* **Aim of the exercise**: Print exactly what appears from the line containing "Com duração de" through the final line of the data below, pictures excluded.

* **Data listing**:
>>>

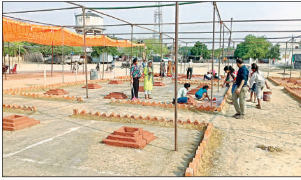
महायज्ञ की तैयारी करते लोग।

अमृत विचार। कस्बे के मेला ग्राउंड में गायत्री परिवार द्वारा आयोजित होने वाले चार दिवसीय कार्यक्रम की तैयारियां पूरी हो चुकी हैं। 7 नवंबर से 10 नवंबर 2025 तक चलने वाले इस आयोजन के लिए 51 कुंड बनाए गए हैं। कार्यक्रम स्थल पर पंडाल को गाय के गोबर से लीपकर तैयार किया गया है। इस आयोजन को सफल बनाने के लिए गायत्री परिवार के सदस्य जोर-शोर से कार्य कर रहे हैं। कार्यक्रम के पहले दिन शुक्रवार, 7 नवंबर 2025 को
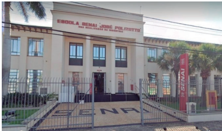
Escola do Senai em Marília, que fica localizada na avenida Sampaio Vidal

Com duração de seis a 40 horas, as capacitações são oferecidas na modalidade Massive Open Online Course, que é curso online aberto e massivo, nas áreas de inovação, tecnologia, linguagens e ciências humanas.
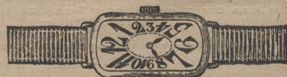
Núm. 4.—Áncora de precisión, 16 rubíes, oro de ley 18 quilates, con pulsera de moiré. Pesetas 175.
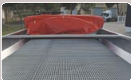
30 Malla criba alta High galvanized sieve

<<<

* **Exercise result**:
Com duração de seis a 40 horas, as capacitações são oferecidas na modalidade Massive Open Online Course, que é curso online aberto e massivo, nas áreas de inovação, tecnologia, linguagens e ciências humanas.
Núm. 4.—Áncora de precisión, 16 rubíes, oro de ley 18 quilates, con pulsera de moiré. Pesetas 175.
30 Malla criba alta High galvanized sieve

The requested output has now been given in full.